Confirming Nothing

, , , | Right | March 7, 2018

(Our hotel has been booked up for a particular Friday for weeks due to a convention in town. The night before that date, we are still technically entirely booked for that date, and we get a call from a guest.)

Coworker: “Hey, [My Name], I have this lady on the phone, and she says she wanted to book for tomorrow night, but somehow it was booked for tonight, instead.”

Me: “Hmm… Well…”

Coworker: “Yeah, I explained that we were booked up, and she said we should accommodate her because she has a ‘confirmation.'”

Me: *after taking the appropriate time to process this logic* “No. Tell her we’re booked, and we can cancel her reservation for tonight, but that’s all.”

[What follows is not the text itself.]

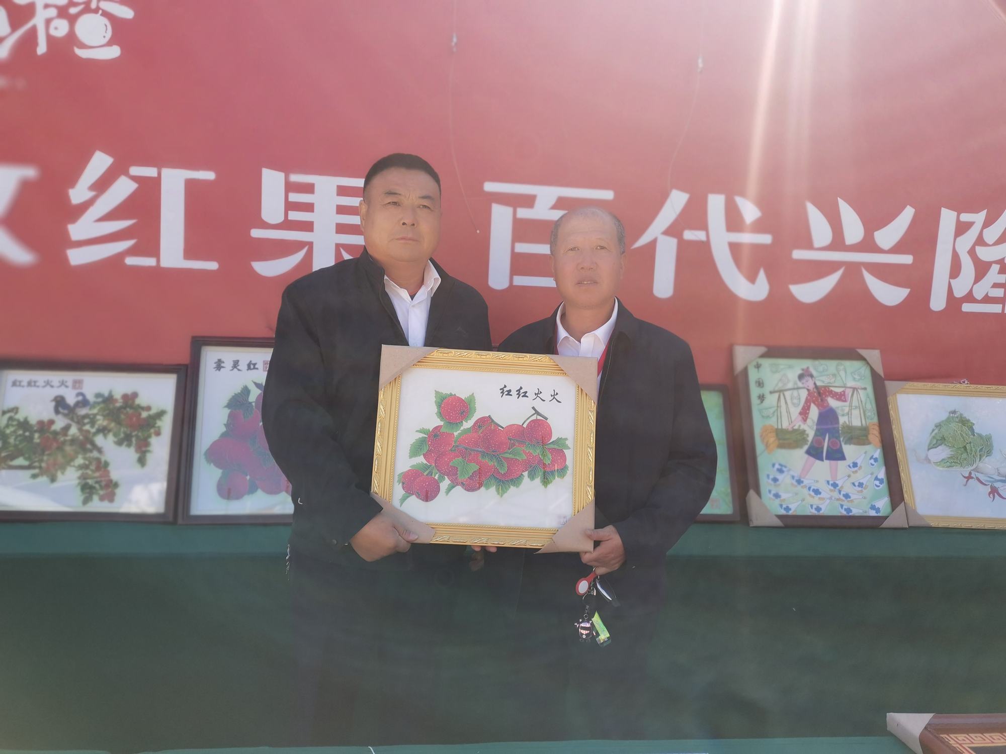 在此次山楂節(jié)上,鄭氏砂藝展出了《興隆山楂節(jié)》、《霧靈紅》、《山里紅》、《興隆山楂》等數(shù)十幅非遺砂畫作品,用獨特的藝術(shù)方式展現(xiàn)了我縣山楂豐收的盛況,為興隆縣第五屆山楂節(jié)獻上了一份另類的藝術(shù)“厚禮”。市委副書記郭旭濤等一行領(lǐng)導(dǎo)相繼駐足觀看砂畫作品,并同鄭氏砂藝董事長鄭鐵軍進行親切交談,郭旭濤書記對鄭氏砂藝非遺文化傳承和保護工作給予了充分肯定和贊揚。鄭氏砂藝的展出既體現(xiàn)了承德對提升“非遺”文化軟實力的重視,又反映出承德地區(qū)民族文化自信的提升,砂藝人也會用藝術(shù)講好承德故事,傳播好承德聲音。

Coworker: *after getting back on the phone for a few moments* “Huh. She hung up. Didn’t even tell me if she wanted to cancel or not.”

Me: “Just put a note on her reservation not to charge it if it no-shows. You know, we’re at the point now that we’ll probably have plenty of rooms after no-shows and cancellations are accounted for. But since she decided to be a b****, she isn’t getting one.”

(If her logic carried, anyone could make a reservation for another night and then call and claim that it was supposed to be for a night when we’re sold out. I’m not going to reward that kind of stupid and solidify it in someone’s head that it can work that way.)